A large gas-fired power station labelled "unnecessary and dangerous" by critics has been approved by the NSW government.
Outgoing Planning Minister Rob Stokes on Monday signed off the state-owned Snowy Hydro's application to build the 660-megawatt open cycle gas turbine at Kurri Kurri in the NSW Hunter Valley on the site of an old aluminium smelter.
"This project will improve energy reliability and security in the National Energy Market as it brings on renewable energy from wind and solar farms, and transitions away from coal-fired power generation over the next 10-15 years," a planning department spokesperson said in a statement.
Despite only operating an average of one hour in every 50, the plant is forecast to inject $600 million into the state economy and create up to 250 new construction jobs, the department said.
The $600 million project came with the backing of the Morrison government, which argues it is necessary to keep power prices down once the 2000-megawatt Liddell coal-fired power station closes in 2023.

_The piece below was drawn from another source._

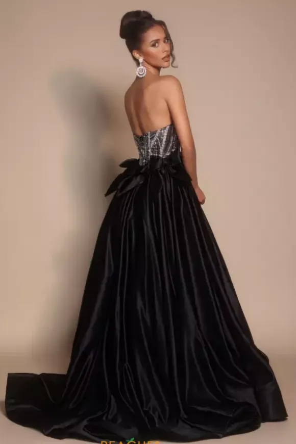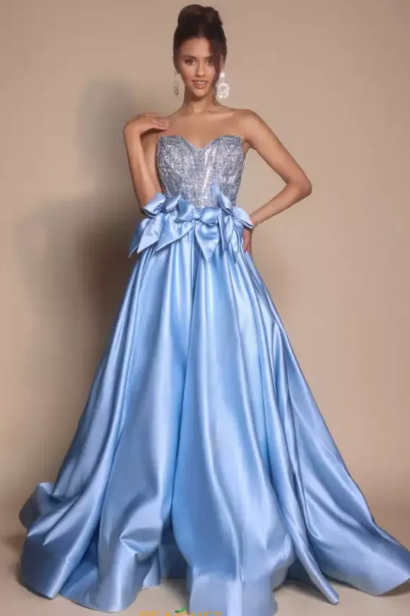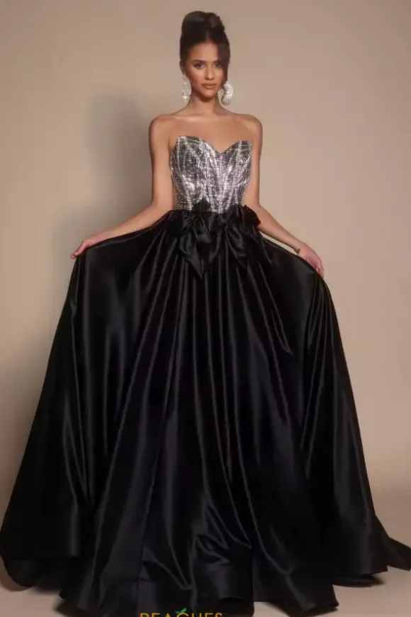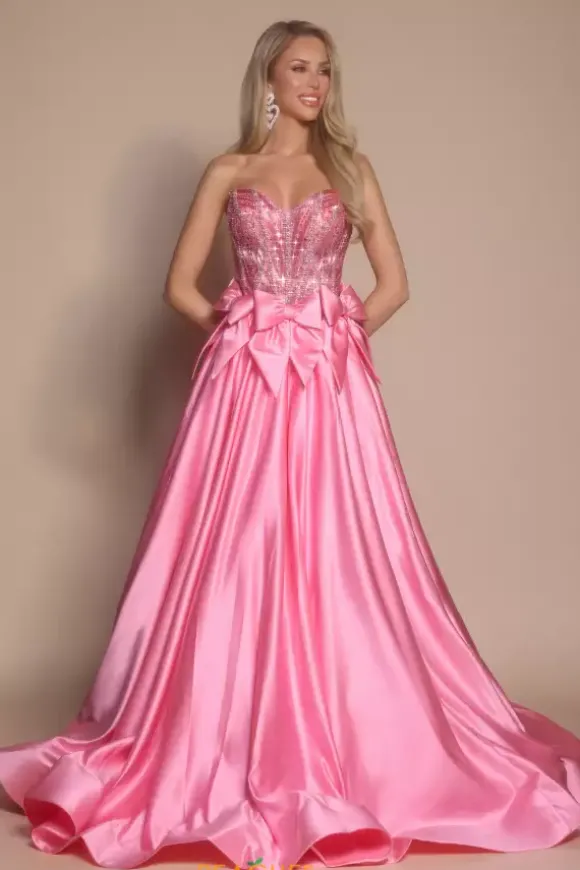 Feel like a modern day princess in this sleek Portia and Scarlett ball gown style PS26077. The beautifully bejeweled strapless sweetheart neckline bodice shimmers from all angles. The a line satin skirt is met at the with large bow details that wrap around you waistline defining your shape..

But the Climate Council lambasted the approval of what it calls an "unnecessary and dangerous" power station.
"Approving Kurri Kurri is an all-round dismal move for Australians at a time when the rest of the world is reducing greenhouse gas emissions and cashing in on the clean job and economic opportunities of a net-zero future," Climate Council senior researcher Tim Baxter said.
Climate Councillor and energy transition academic Madeline Taylor said the gas power station simply wasn't needed.
"Energy analysts and economists agree it will raise electricity prices for residents and businesses, not lower them," Dr Taylor said.
The NSW planning department says it will require Snowy Hydro to prepare and implement a net-zero power generation plan to progressively move towards achieving net-zero greenhouse gas emissions.
"This may include using hydrogen gas, which would be subject to further planning assessment."
The project will now be submitted to the federal government for final approval.
If approved, the plant could be running by mid-2023, ahead of Liddell's closure.
Gas currently provides a smidgen of NSW's power needs.
According to OpenNEM, in the past year, gas has provided about 1.3 per cent of the state's electricity, behind coal (69 per cent), solar (12 per cent) and wind (7 per cent).